### RECORDED INFORMATION

***

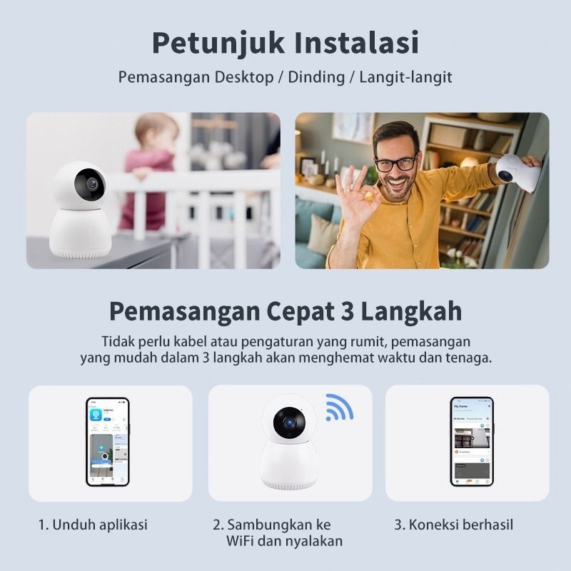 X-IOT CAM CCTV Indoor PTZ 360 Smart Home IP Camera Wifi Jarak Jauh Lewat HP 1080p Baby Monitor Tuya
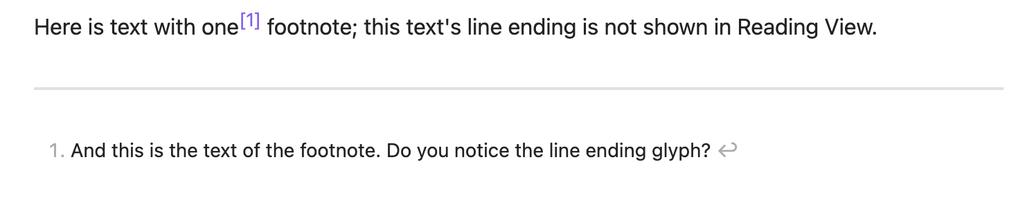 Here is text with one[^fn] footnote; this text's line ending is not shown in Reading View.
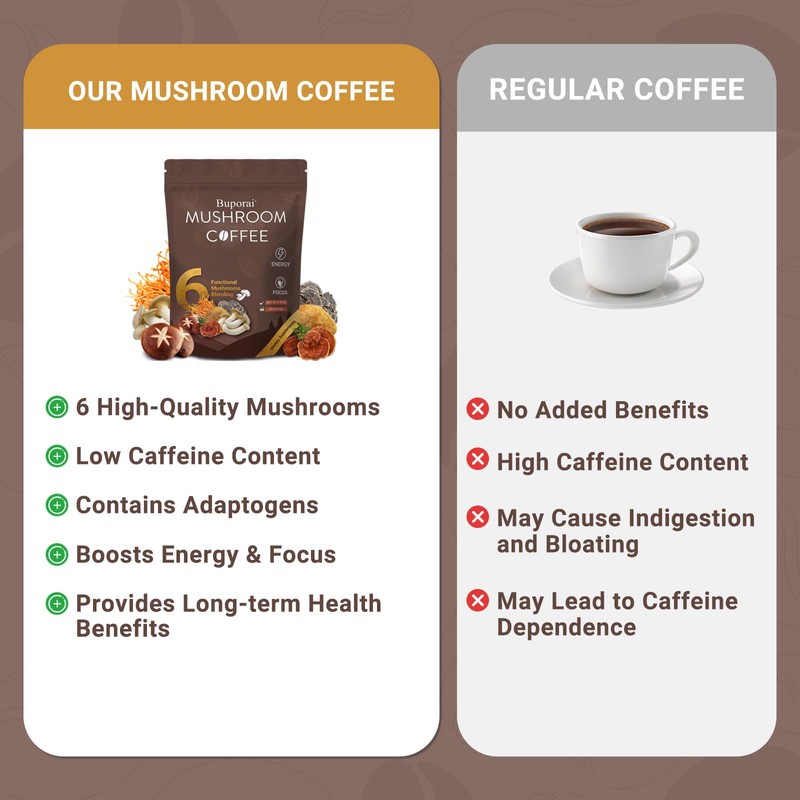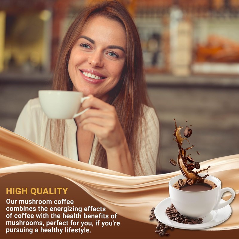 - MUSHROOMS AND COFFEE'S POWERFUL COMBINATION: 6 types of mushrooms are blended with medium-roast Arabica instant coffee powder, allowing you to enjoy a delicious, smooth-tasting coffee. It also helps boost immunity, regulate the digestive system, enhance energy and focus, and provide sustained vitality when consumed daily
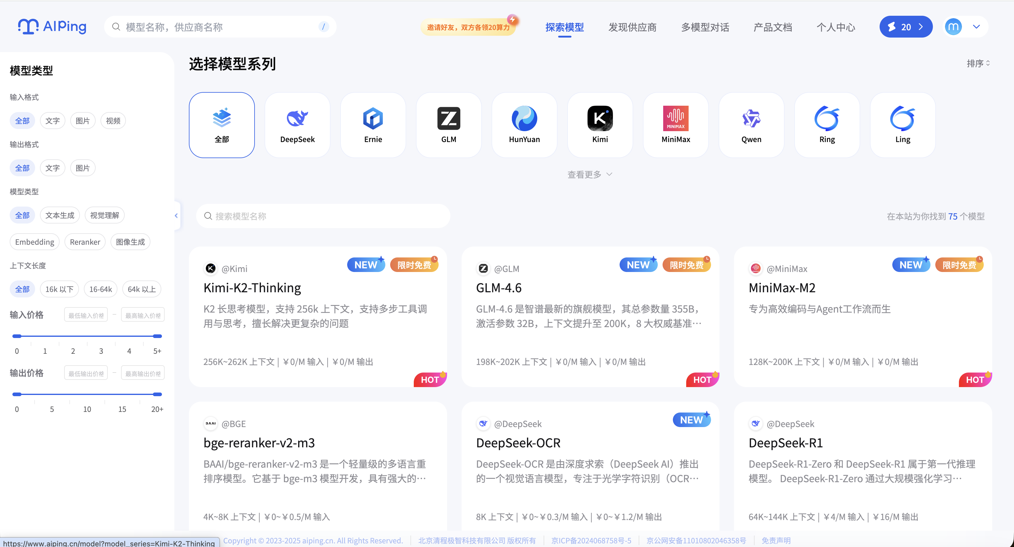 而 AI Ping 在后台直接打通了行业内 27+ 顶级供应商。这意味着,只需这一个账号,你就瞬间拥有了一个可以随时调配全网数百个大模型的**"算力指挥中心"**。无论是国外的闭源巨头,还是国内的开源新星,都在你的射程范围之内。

***

Output only the lines from the start of the data through the line that holds "Here is text". Keep them exact and leave the pictures out.

 X-IOT CAM CCTV Indoor PTZ 360 Smart Home IP Camera Wifi Jarak Jauh Lewat HP 1080p Baby Monitor Tuya
 Here is text with one[^fn] footnote; this text's line ending is not shown in Reading View.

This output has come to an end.